Yep, Frost was right. Good
fences do make good neighbors--or at least, farther away ones. There
isn't wall enough in the world for some of them.
In other news, Free Spirit has decided to pay me! The monies
overdue for both
Chemy and
Gebra were remitted about a month ago
for the pay-periods of approximately October 2000 through April 2001.
Better late than never, right? There was no correspondence attached, so
I'm not sure if it will take another year to get the royalties for this period.
I did notice a new signature on the bottom of the checks, which makes me
wonder whether the change in staff had something to do with it.
At any
rate, it is Officially Summer and, incidentally, Officially Pretty Darn Hot.
At moments like this, I regret the stiff winged hairdo I adopted in the
80s, and its subsequent mischief to the ozone layer. (That's all right,
who needs trioxide anyway? What--all life needs it, to survive?
Argh! Darn you, Extra Super Hold Spritz!)
For those of you
following the storyline, my health seems to have improved with the move.
I'm not sure yet whether it's the warmer weather or being away from the higher
pollution of Northern Virginia. I suppose, as the days grind themselves
down to darkness, we will all find out the hard way.
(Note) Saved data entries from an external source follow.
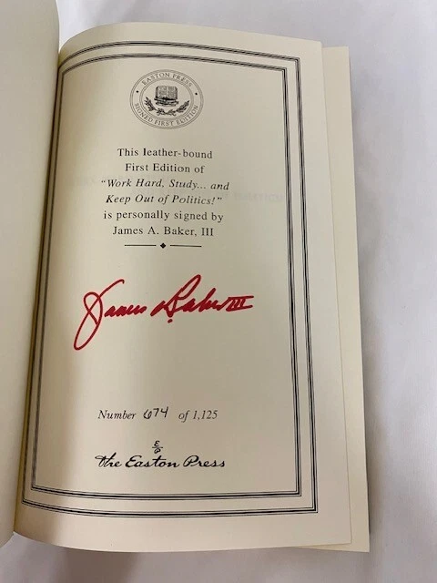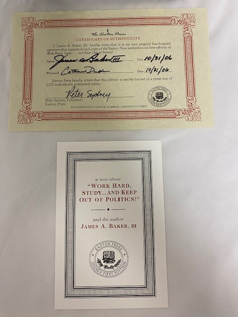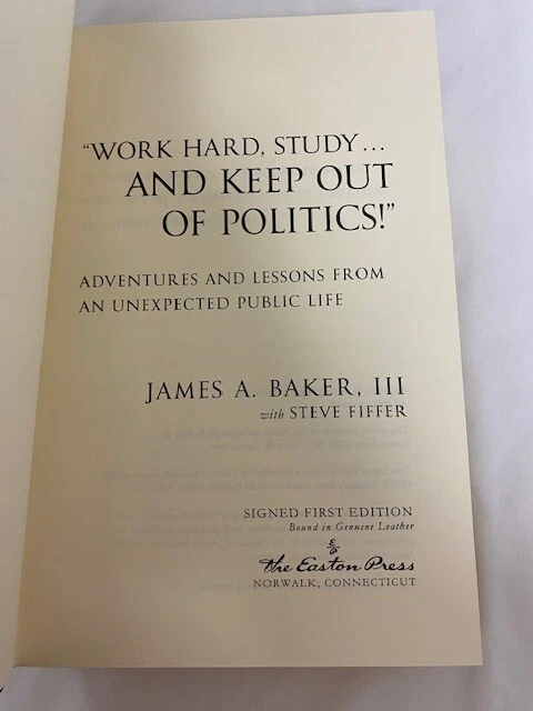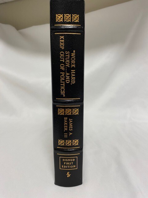 A revelatory memoir by the former secretary of state and White House chief of staff describes his behind-the-scenes witness to numerous political machinations, in an account in which he discusses the Iran-Contra scandal, the Reagan assassination attempt, and the 2000 election in Florida. 460 pages Leather, Hardcover. Signed 1st edition 674 of 1,125 "Like New" condition. Well-kept in smoke free, pet free home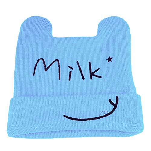 (ミス ユー)Miss You  ベビーニット帽子 ベビーハット ニット帽子 赤ちゃん冬帽子 編み帽 キャンプ 耳付 子供防寒 (ブルー)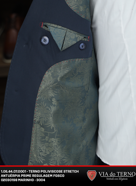 • Detalhes: Lapela notch, dois botões frontais, forro interno premium, bolsos internos funcionais, calça com regulagem na cintura para ajuste perfeito.
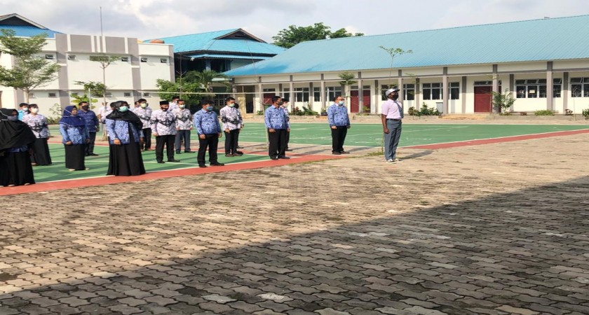 Upacara hari rabu tanggal 28 oktober 2020 di SMA Negeri 8 Batam yang diikuti oleh seluruh guru, staf dan wakil kepala sekolah dan warga SMAN 8 batam yang tetap memperhatikan protokol kesehatan.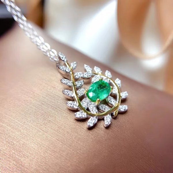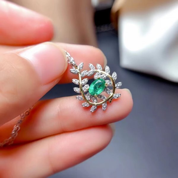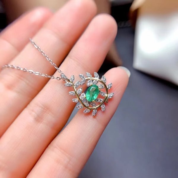 天然エメラルドの枝のペンダントネックレス、本物の925シルバー、証明書

Incidentally, Happy
Solstice to all my nature-friends out there. And Happy Independence Day
to everyone else.
Update - March 20, 2002. Look, I'm not
the only famous one in the family. Here's a photo of my sister playing at
Carnegie Hall.
Isn't that awesome?
Lara uses a viola bow like I use a pen--as a deadly weapon. Er, I
mean, a fine, artistic instrument.
So, what's happening in my life?
Well, my birthday's coming up, end of March. Another year, another
dried-up grocery cake. Thus the days crumble into sugar-laden calories
and deceptively colorful frosting....
Truth to tell, it's one of those
obscure ages somewhere between early twenties and not-quite-thirty. An
odd desert (or perhaps dessert, lol) of "what am I doing with my life?" and
"just you wait, Britney Spears. You'll look like me some day." (Not, mind
you, that I looked like Britney Spears when I was her age. But it's the
catty principle of the issue, you know.) Now, if only I could have the
body of Britney and the readership of J.K. Rowling. Oh, wait a minute.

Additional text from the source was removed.